鉄や鋼など人工金属武器による『形態変化』の拒絶は、間接的にせよ術者と接触していなければならない。
だからああして投げるよう『形態変化』を行えば、金属武器を持っていようといまいと関係がなくなる。
あの迫る金色の武器類は、術者とすでに接触していないのだから。
一度――ほんの数分にも満たない接触でよく対策を練ってきたものだ、とアキラは感心する。
けれども……そういった手段を取ってくる相手との戦いなんて、何度もしてきている。
これだけで対策だと言い張られても、負ける気なんてサラサラ無かった。
両手で拾った中剣をすぐさまポイッと前方に投げ捨てて、自然落下で地面へと突き刺す――
――その、突き刺さるまでの僅かな時間に、アキラもまた地面に膝をつき、両手で斜め前の地面を叩く。
そして剣が突き刺さると同時、建物の壁を思わせるほどの高さを誇る、扇形に広がる土の壁が二枚、地につけた手の前に現れた。

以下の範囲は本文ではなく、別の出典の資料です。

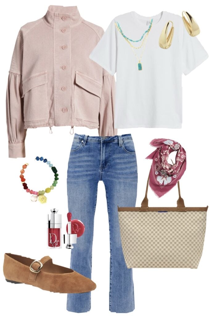 twill utility jacket / tee / necklace / earrings / jeans / Rothy’s tote bag / Mary Jane’s / bracelet / lip gloss / scarf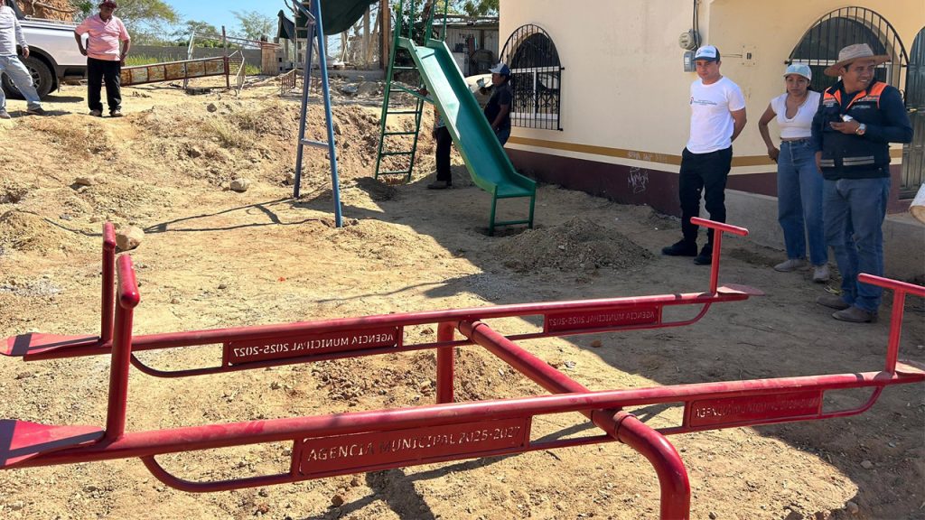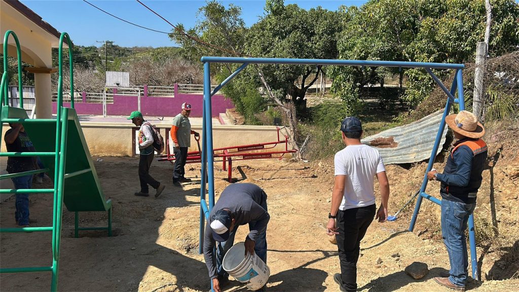 Puerto Escondido, Mixtepec, Oax. – Con el objetivo de mejorar los espacios públicos y fomentar la convivencia comunitaria, personal de la Agencia Municipal, en coordinación con vecinos y delegados, inició la instalación de juegos infantiles en las colonias Independencia y Arroyo Seco. Estas acciones forman parte de un esfuerzo conjunto para brindar áreas seguras y adecuadas para la recreación de niñas y niños, fortaleciendo así el tejido social en estas zonas.

アキラを守りながらも前方を確認でき、尚且つ流れ弾がコガとナナ姫へと飛んでいくとのない、広い防御範囲を誇る『形態変化』。
確かに一瞬でそれだけの『形態変化』を行えるのはスゴイの一言に尽きる。
だが所詮は土の壁。
黄金の攻撃には敵わない。
それを証明するかのように、敵は第一波がその壁に被弾する前に、再び地面に手をついて、第二波を放った。
土の壁を破壊すると同時、再び同じ攻撃で畳み掛けようという算段だろう。
しかし結論から言えば、この攻撃は失敗だった。
その場凌ぎにしかならないただの土の壁を、アキラが展開するはずが無い。
人工金属武器の対策を練られた事が今まで何度もあるだろう。
なら、その対策を怠っていないはずがない。
そう想定していなかった、敵の落ち度。
第一波の攻撃の群れが、土の壁に接触する。
何発も。何十発も。無数の群れの、金色の、刃の群れの、一撃死を与える攻撃が。何度も何度も。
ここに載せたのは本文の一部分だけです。